Detesto quelli che fanno un’affermazione e non la dimostrano, o non citano le fonti. Ho scartabellato un bel po’ sul web per scoprire su cosa si basa lo spot pubblicitario secondo il quale con la lavastoviglie si consumano meno acqua e meno elettricità che lavando i piatti a mano.
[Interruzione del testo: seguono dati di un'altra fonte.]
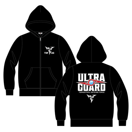 ウルトラ警備隊のジップアップパーカーが登場!! 背面に輝くマークとロゴがシンプルな黒地に絶妙に映える一着。これを切ればウルトラ警備隊気分になれる事請け合いだ!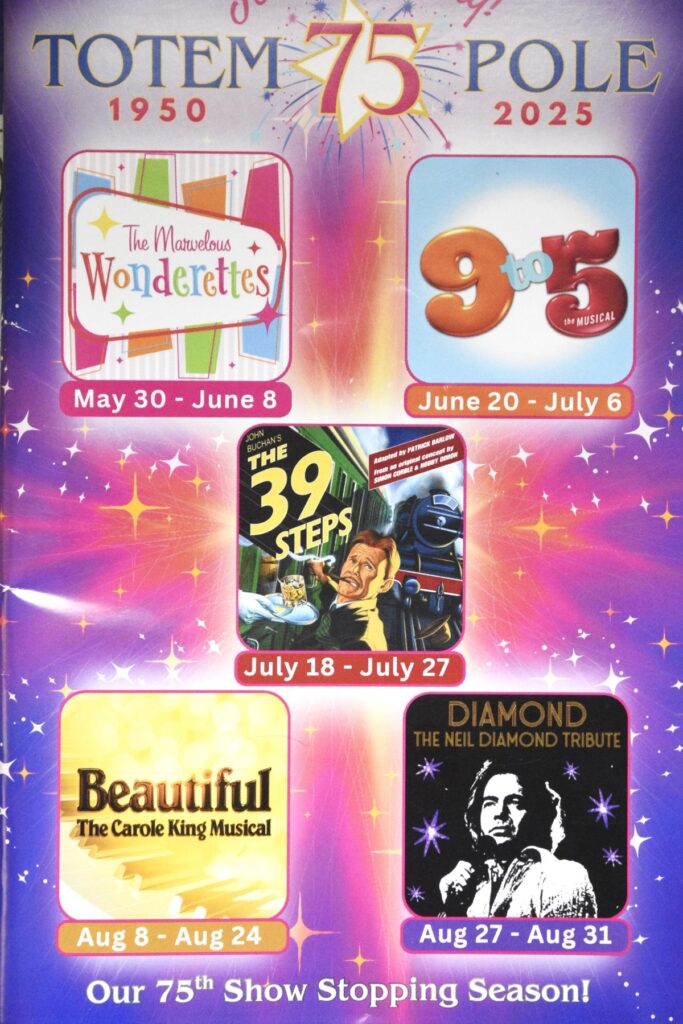 Gibbs is excited about Totem Pole’s future. He says the love and support shown for the playhouse during the past eight decades fortifies the venue, and “that belief in live theater will carry us through the next 75 years. We thank everyone for being part of our journey.”

lavare i piattiL’efficienza ambientale delle lavastoviglie vantata dallo spot discende da uno studio effettuato da un docente universitario tedesco, che ha fatto lavare un servizio completo da 12, oltre che dalle lavastoviglie, da 113 persone proveniente da 7 Paesi europei, con l’unica istruzione di comportarsi esattamente come se fossero a casa loro. Questo test venne effettuato con assoluta, rigorosa scientificità e i risultati sono stati riportati dal Guardian Unlimited un paio di anni fa: in media le lavastoviglie hanno consumato 2,5 chilowattora di elettricità e 15 litri d’acqua; i lavapiatti, sempre in media, 103 litri d’acqua e 1-2 chilowattora di elettricità per riscaldarla. Ma nella media sono comprese anche punte di efficienza umana in grado di rivaleggiare con la lavastoviglie: ai tedeschi sono bastati 30 litri d’acqua e un chilowattora. Tutto sta nella tecnica impiegata: rimuovere accuratamente “a secco” i residui di cibo, non passare i piatti sporchi sotto il getto dell’acqua calda prima di lavarli, non lasciare aperto il rubinetto ininterrottamente durante tutta l’operazione, sciacquare con acqua fredda eccetera.

lavatura piatti

Il Guardian aggiunge che lo studio non calcola l’impatto ambientale dei detersivi, nè della costruzione e del trasporto della lavastoviglie. Di mio aggiungo che un boiler a gas consente di lavare i piatti a mano senza far ricorso all’elettricità, anche se il metano è pursempre un combustibile fossile, e che ben raramente una lavastoviglie è azionata a pieno carico come nel test, con un intero servizio da 12: eppure consuma acqua ed elettricità nello stesso modo. E a proposito di tecniche per lavare i piatti, si può anche andare oltre l’efficienza teutonica sfoderata nel test. Il sistema della mia mamma era imbattibile: in nome non dell’ecologia, ma dell’atavico rifiuto contadino di ogni spreco, scaldava l’acqua in una pentola, sul fornello a gas, e sciacquava con quella fredda. Le veniva tutto benissimo, anche senza brillantante. Foto Flickr.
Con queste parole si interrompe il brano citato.